Pictures are to be excluded. Please print only the lines from the one containing "当出现他汀类药物相关的肌肉症" through the end of the data, exactly as they appear.
---- DATA SEGMENT
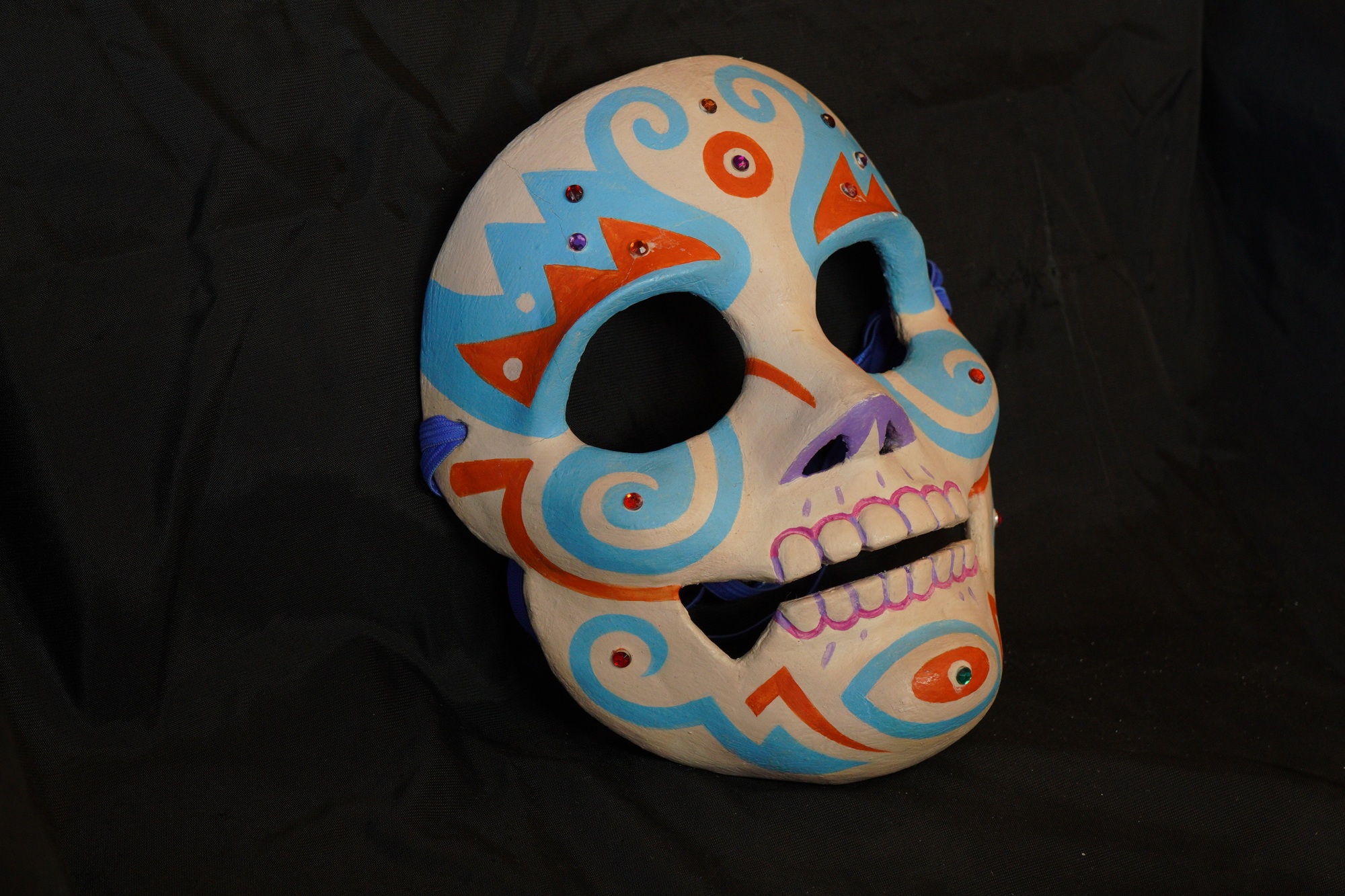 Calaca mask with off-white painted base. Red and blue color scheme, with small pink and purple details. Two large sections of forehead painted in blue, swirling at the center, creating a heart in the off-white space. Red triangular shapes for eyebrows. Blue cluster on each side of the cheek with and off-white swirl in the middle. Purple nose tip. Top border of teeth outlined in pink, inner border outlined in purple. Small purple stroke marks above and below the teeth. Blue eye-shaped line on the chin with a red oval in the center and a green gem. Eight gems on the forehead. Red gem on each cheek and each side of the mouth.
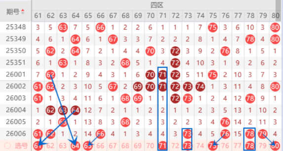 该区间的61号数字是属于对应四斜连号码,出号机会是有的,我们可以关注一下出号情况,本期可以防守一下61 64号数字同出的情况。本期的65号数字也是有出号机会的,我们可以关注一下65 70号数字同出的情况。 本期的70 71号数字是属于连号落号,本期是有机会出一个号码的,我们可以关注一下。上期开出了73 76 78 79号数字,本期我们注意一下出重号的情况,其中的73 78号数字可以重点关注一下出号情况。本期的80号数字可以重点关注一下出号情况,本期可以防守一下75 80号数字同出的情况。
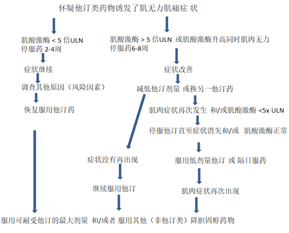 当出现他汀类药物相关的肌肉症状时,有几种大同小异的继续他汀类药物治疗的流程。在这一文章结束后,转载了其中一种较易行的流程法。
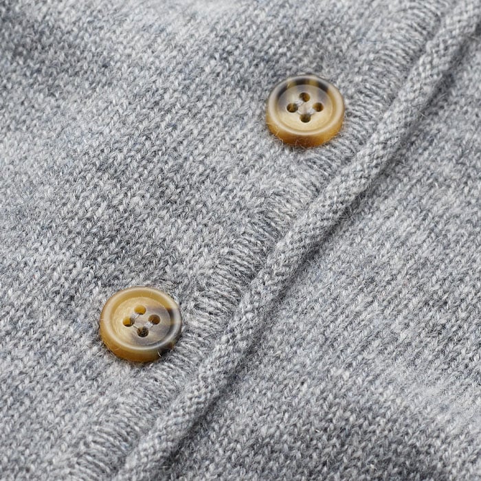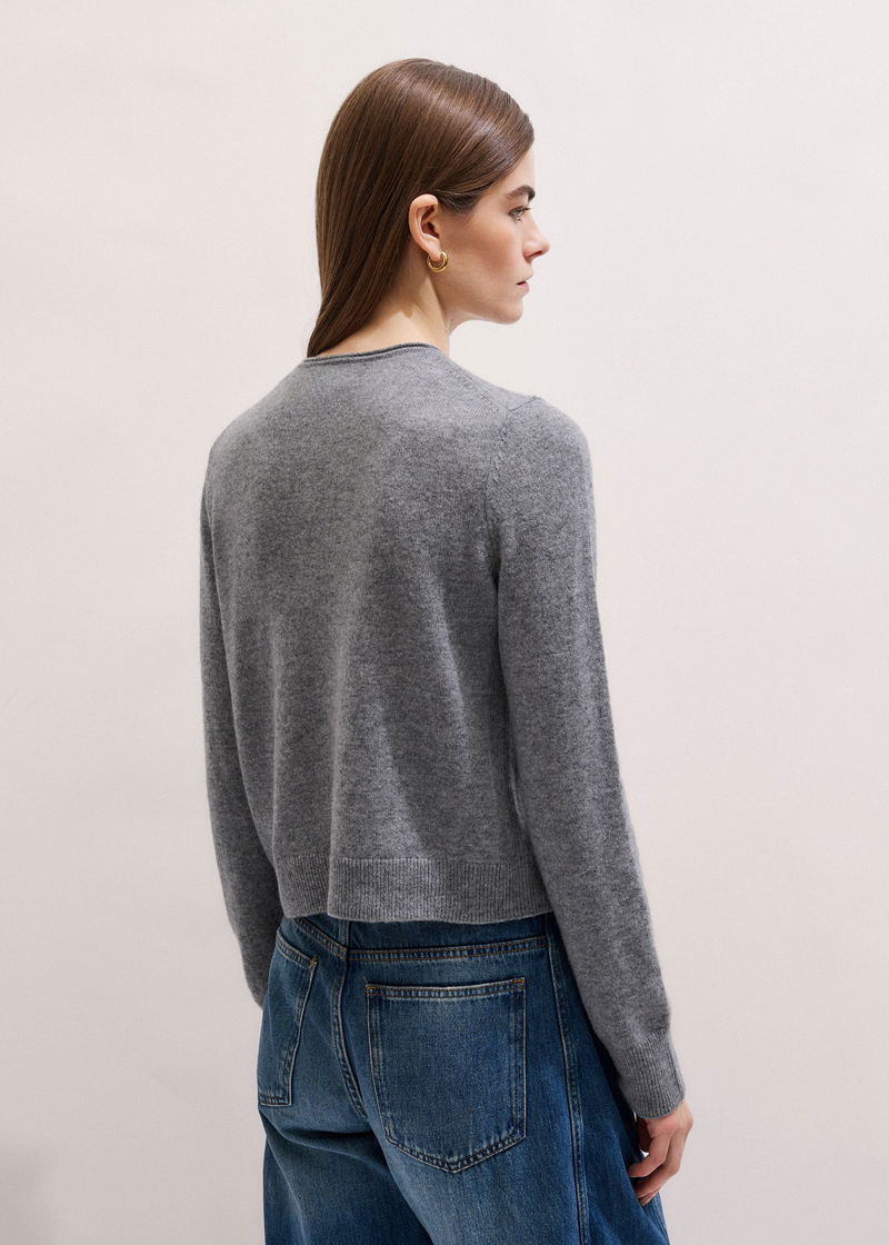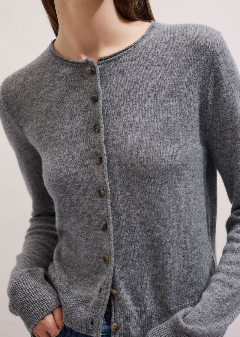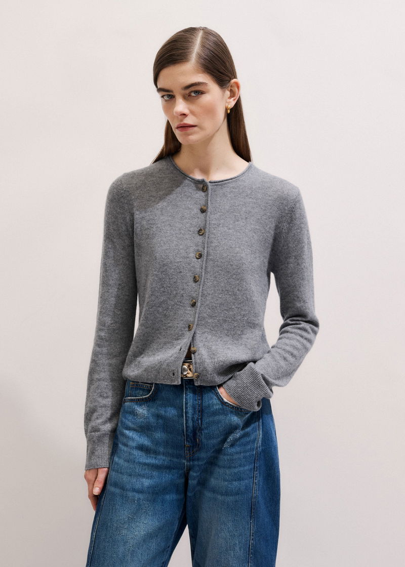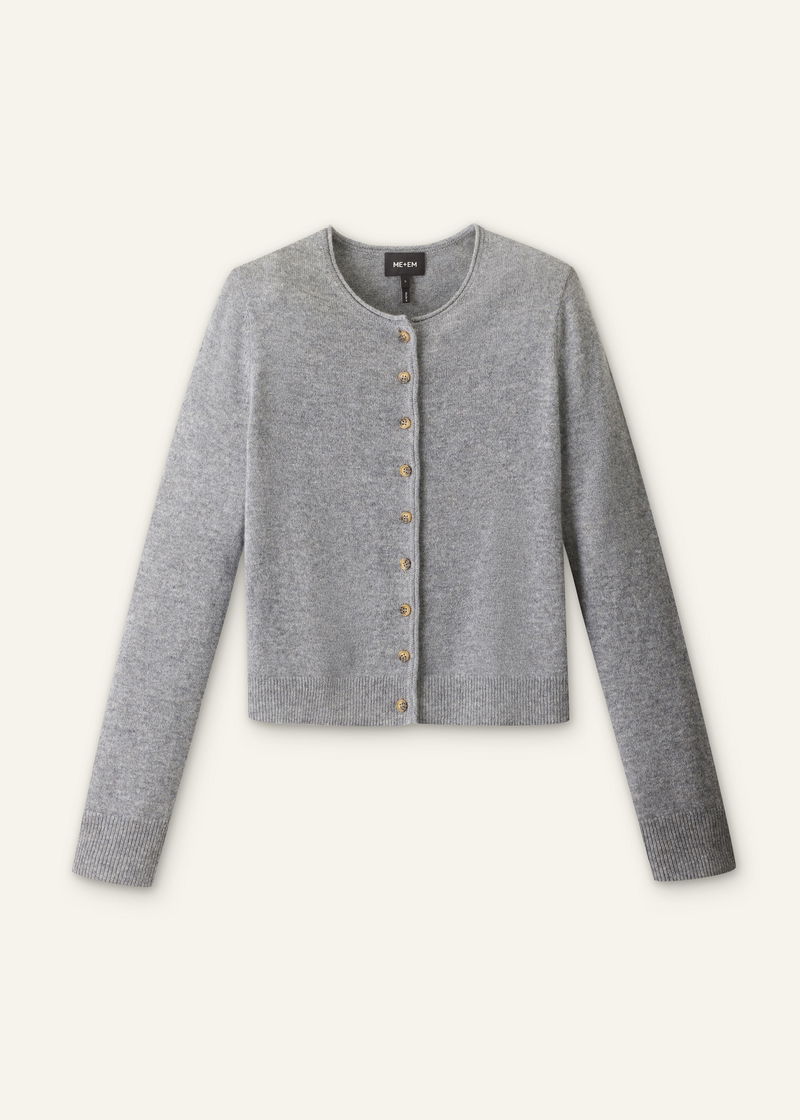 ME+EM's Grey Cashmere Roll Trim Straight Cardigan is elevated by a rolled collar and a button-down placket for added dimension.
--------
• **SOLUTION**
 当出现他汀类药物相关的肌肉症状时,有几种大同小异的继续他汀类药物治疗的流程。在这一文章结束后,转载了其中一种较易行的流程法。
 ME+EM's Grey Cashmere Roll Trim Straight Cardigan is elevated by a rolled collar and a button-down placket for added dimension.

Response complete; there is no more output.